*** Data shown ***

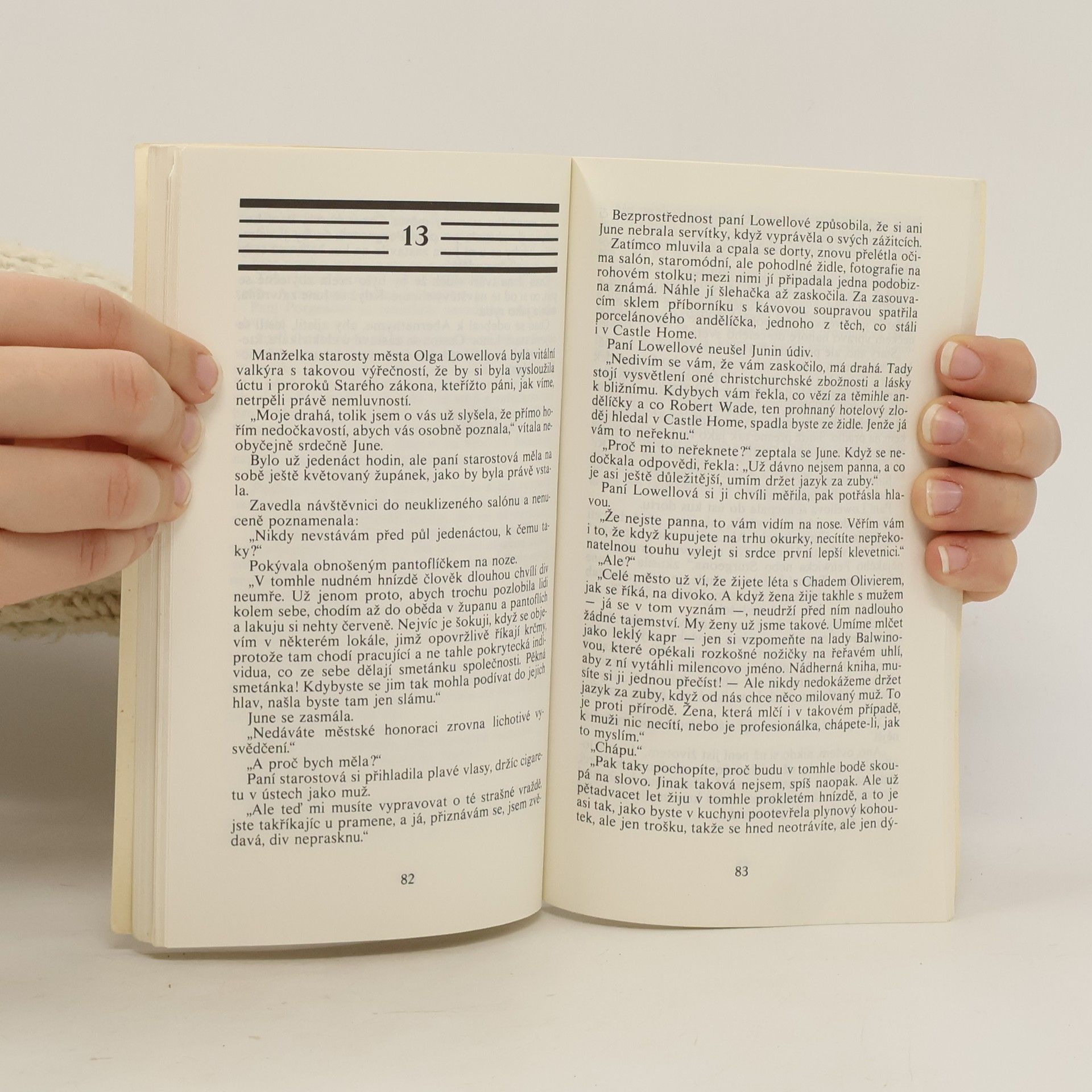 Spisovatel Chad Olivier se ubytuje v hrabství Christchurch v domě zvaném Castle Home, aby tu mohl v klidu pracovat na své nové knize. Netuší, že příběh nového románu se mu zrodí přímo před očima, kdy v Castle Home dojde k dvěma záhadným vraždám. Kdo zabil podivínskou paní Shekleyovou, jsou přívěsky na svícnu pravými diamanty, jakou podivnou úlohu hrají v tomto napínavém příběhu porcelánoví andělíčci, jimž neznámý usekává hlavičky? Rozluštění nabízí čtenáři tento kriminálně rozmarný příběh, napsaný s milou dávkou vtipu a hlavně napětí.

***
*** Data shown ***

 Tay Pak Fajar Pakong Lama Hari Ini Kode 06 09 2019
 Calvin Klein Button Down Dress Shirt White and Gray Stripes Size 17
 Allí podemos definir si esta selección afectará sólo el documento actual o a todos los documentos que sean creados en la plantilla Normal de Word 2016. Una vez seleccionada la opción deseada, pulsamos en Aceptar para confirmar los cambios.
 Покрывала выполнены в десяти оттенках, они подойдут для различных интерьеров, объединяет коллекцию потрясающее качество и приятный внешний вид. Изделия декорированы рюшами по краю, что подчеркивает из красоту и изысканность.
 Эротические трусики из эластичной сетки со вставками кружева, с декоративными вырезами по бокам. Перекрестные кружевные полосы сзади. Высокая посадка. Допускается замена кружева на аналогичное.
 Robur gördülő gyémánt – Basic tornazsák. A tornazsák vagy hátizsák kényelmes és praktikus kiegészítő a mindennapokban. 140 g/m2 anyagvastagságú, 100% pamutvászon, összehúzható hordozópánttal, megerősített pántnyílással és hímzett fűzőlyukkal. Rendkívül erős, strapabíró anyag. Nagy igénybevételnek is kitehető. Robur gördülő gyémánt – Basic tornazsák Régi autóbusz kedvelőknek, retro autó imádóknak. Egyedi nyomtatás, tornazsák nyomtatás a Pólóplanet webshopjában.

***

Could you restate word for word the lines above, from the one that contains "Tay Pak Fajar" through the one that contains "Calvin Klein Button", and no others?

 Tay Pak Fajar Pakong Lama Hari Ini Kode 06 09 2019
 Calvin Klein Button Down Dress Shirt White and Gray Stripes Size 17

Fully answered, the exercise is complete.